Please quote exactly the lines below from the line containing "Its collar rot" to the line containing "Tomaten und Papaya", both lines included, and nothing else.
╭─ DATA FOR THE TASK
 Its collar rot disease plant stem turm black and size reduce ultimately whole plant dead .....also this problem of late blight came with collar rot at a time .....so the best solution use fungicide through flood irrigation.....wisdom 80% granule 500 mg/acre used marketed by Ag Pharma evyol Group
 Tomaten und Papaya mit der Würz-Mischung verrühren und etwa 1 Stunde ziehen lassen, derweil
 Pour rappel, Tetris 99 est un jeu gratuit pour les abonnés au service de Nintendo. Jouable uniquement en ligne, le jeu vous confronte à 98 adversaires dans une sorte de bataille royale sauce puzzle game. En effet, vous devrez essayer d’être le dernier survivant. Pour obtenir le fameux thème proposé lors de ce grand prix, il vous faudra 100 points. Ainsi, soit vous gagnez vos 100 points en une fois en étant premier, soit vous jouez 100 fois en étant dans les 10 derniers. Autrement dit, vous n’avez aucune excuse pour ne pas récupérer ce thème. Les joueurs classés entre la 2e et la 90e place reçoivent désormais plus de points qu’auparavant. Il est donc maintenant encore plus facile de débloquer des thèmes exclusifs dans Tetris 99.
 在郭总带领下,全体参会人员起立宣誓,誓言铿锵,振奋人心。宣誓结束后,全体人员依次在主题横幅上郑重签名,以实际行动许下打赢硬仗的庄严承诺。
╰─
╭─ DATA FOR THE TASK
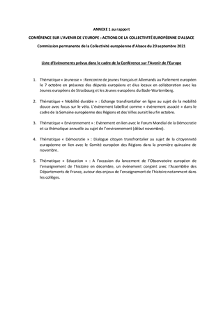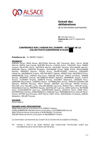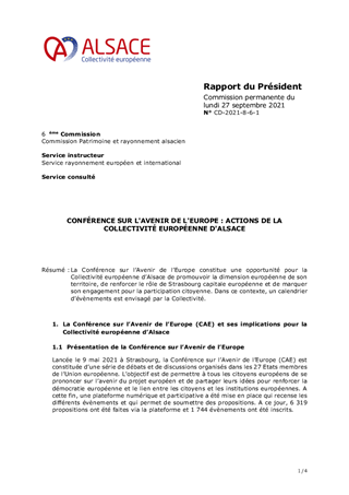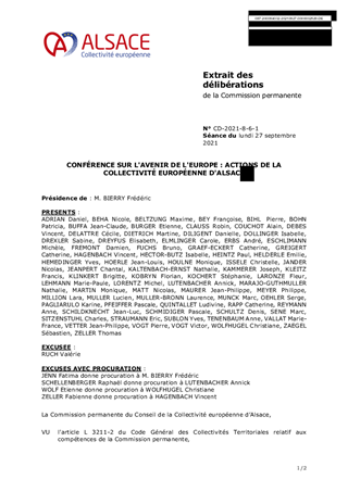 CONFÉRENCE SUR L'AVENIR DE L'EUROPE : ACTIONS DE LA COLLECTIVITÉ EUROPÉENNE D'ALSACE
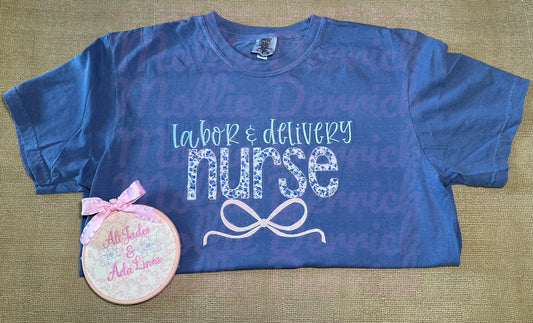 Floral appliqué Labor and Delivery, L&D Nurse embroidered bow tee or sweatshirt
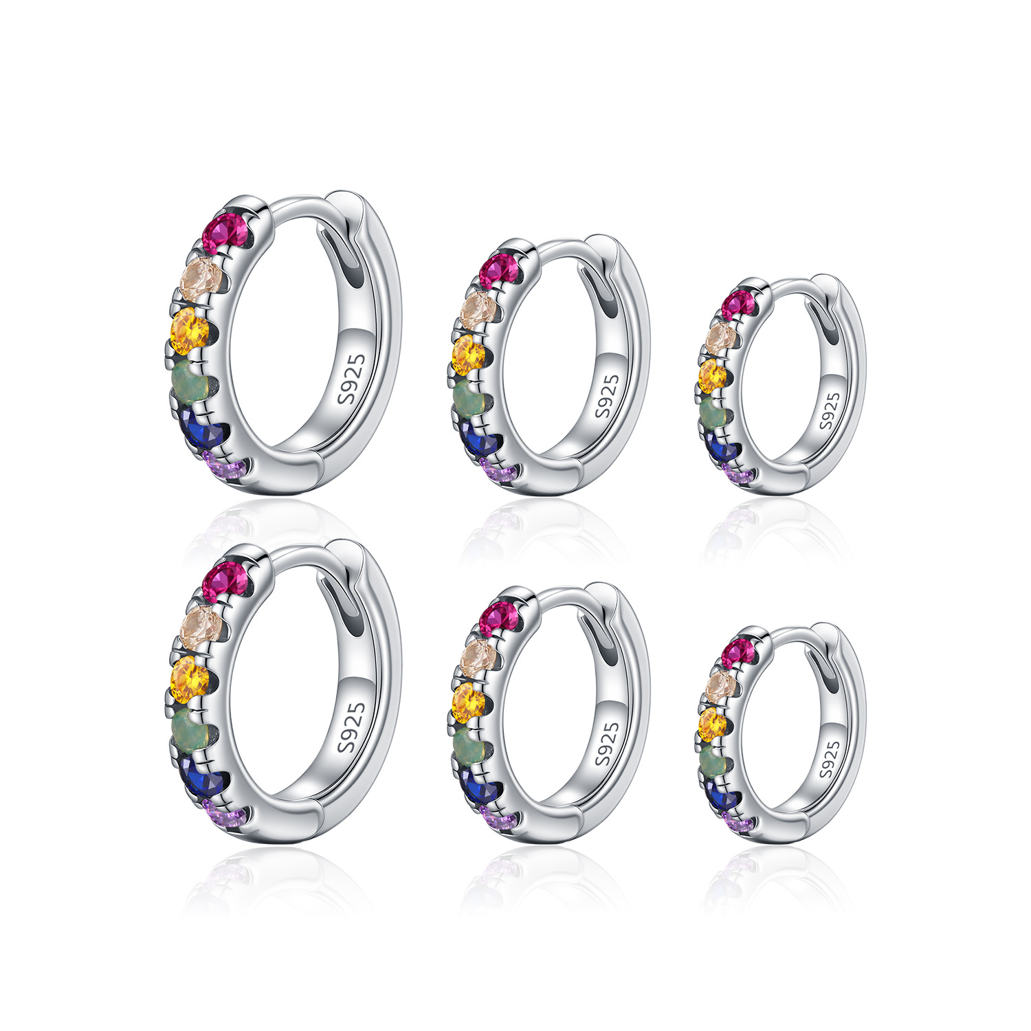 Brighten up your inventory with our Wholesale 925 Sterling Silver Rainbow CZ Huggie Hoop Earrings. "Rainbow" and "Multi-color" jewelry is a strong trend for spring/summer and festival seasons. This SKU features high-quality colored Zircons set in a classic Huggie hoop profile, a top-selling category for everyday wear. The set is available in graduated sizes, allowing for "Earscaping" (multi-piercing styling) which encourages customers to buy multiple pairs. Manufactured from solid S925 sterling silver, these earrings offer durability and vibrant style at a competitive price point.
╰─
_RESULT BELOW_.
 Its collar rot disease plant stem turm black and size reduce ultimately whole plant dead .....also this problem of late blight came with collar rot at a time .....so the best solution use fungicide through flood irrigation.....wisdom 80% granule 500 mg/acre used marketed by Ag Pharma evyol Group
 Tomaten und Papaya mit der Würz-Mischung verrühren und etwa 1 Stunde ziehen lassen, derweil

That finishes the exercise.